The three lines show the proportions of total personnel (solid black line), men (dashed line) and women (grey line) at four increasingly senior levels of an academic science career: researcher, lecturer, senior and professorial.
The data have been standardised so that a value of 100% (horizontal dashed line at top) corresponds to the total number at entry (researcher) level. This means 12355 male, 5375 female and 17730 total staff.
There is, as any postdoc will be uncomfortably aware, a big drop in the transition from typically insecure, fixed-term researcher positions to the coveted status of lecturer, with its hope of secure and permanent employment. But the story of training far more young scientists than ever pursue an academic career is an old one. So let’s look instead at what happens higher up the ladder, among those who do become academic scientists.
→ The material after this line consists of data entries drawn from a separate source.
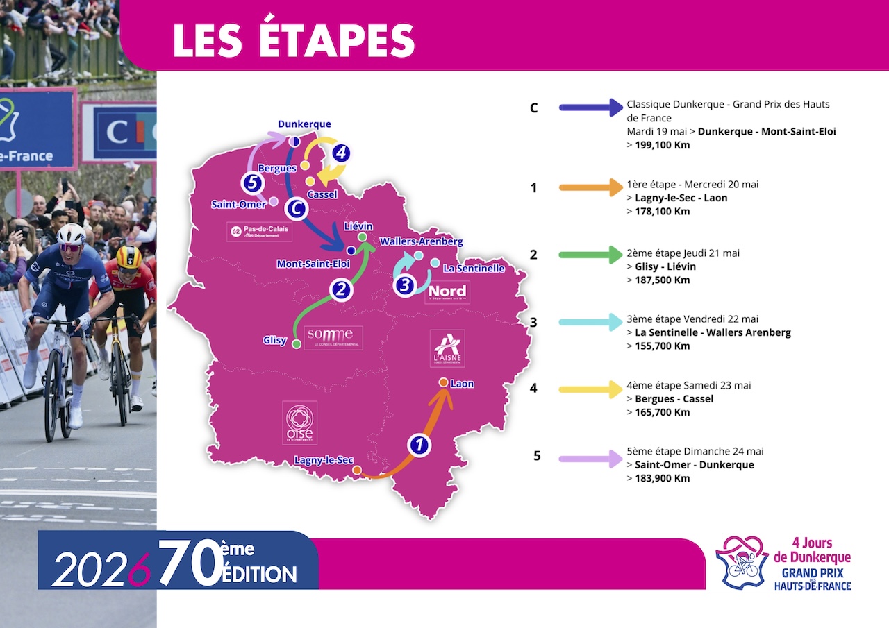 Pour sa 70ème édition, les 4 Jours de Dunkerque Grand Prix des Hauts-de-France s’offrent un parcours d’anthologie. Six jours de course exigeants, une classique relevée dès le mardi entre la cité de Jean Bart et le Mont Saint-Éloi, des pavés à Wallers-Arenberg, de la haute voltige dans les monts de Flandre et à Cassel avant un final entre Audomarois et la Flandre maritime entre Saint-Omer et Dunkerque.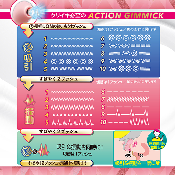 すばやく2回プッシュで、吸引 → 振動 → 吸引&振動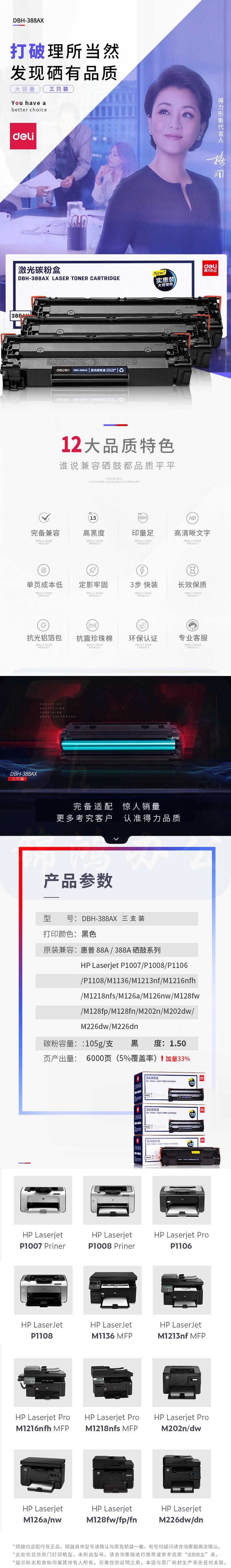 得力DBH-388AX3黑色硒鼓3支装 88A大容量打印机硒鼓单支打印量2000页*3支装
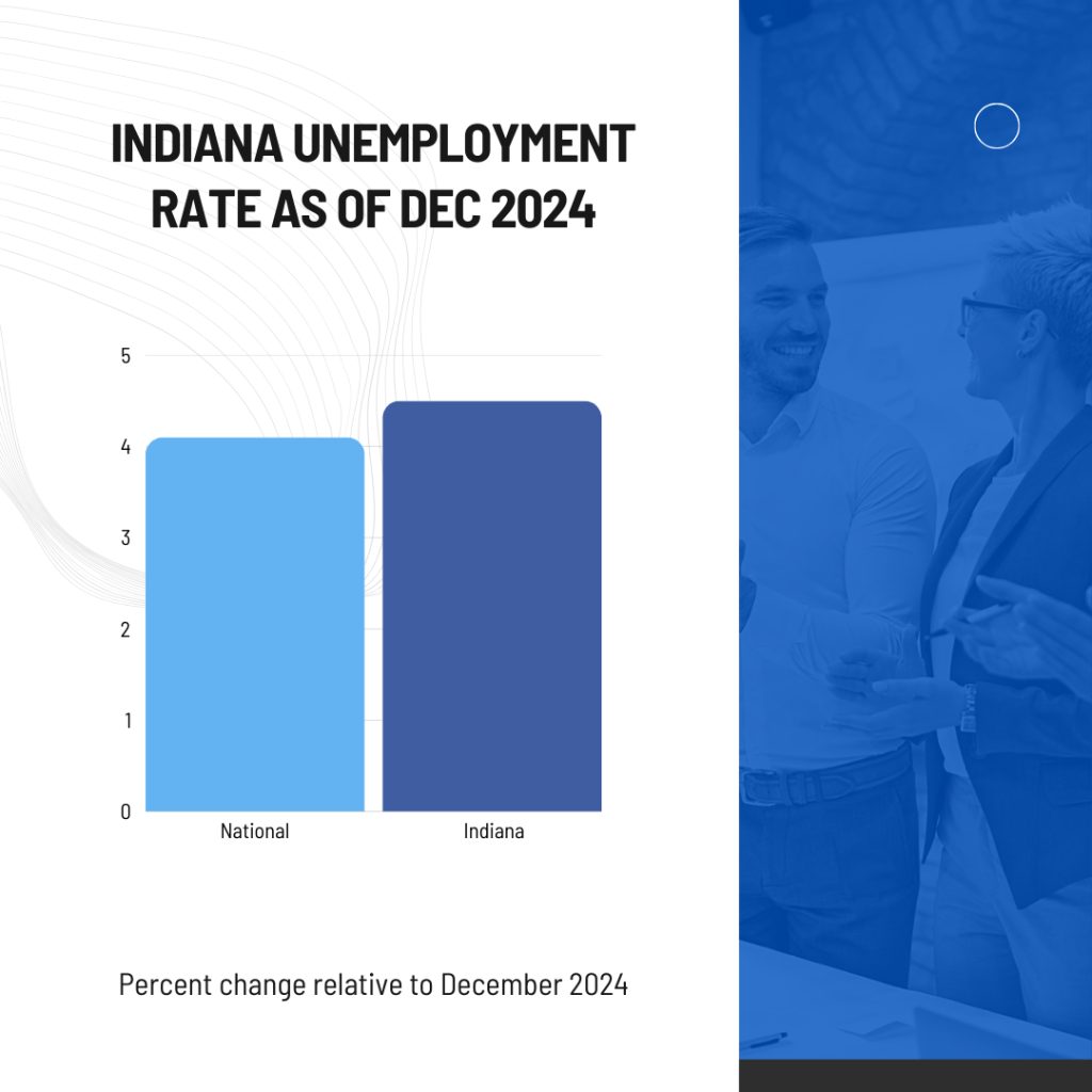 According to Indiana monthly employment reports, “The unemployment rate of the State of Indiana in December was recorded to be 4.5%, according to the Indiana Department of Workforce Development. By comparison, the national unemployment rate reported for December was 4.1%.

Basically, the proportions for women keep on dropping; those for men don’t. A gap between genders (of just over 30%) is established at senior level and maintained into professorhood.
Overall, the latest HESA data (for 2010) suggest that 19.8% of academic staff employed as professors are women. That’s around double the proportion of lady science professors (in 2008).
Thus, contrary to some suggestions, it’s not the first step of getting a job that’s so problematic for women in science (although there is a difference, of just under 9%, between the genders). It’s the transition to leadership: to running a lab, heading up big grant applications, gaining promotion.
Many people have suggested reasons why this transition may hammer women so much harder than men: the pressures of motherhood, for instance. However, if the problem is with getting women into leadership positions, then maybe the science leadership — organisations like the Royal Society — can play a bigger role, not least by setting an example.
Nature magazine has recently promised that its editors will, when commissioning new pieces, ask ‘Who are the five women I could ask?‘ as part of the process. If selection for senior lecturer and researcher positions in the UK had included the same quick mental check in recent decades, might the gender gap by now be a distant memory?
Perhaps not; other factors are at play. But the thing about counterfactuals like that one is — duh — that they aren’t real. Reality is women deterred from reaching the summits of science, at the very time when science needs them more than ever.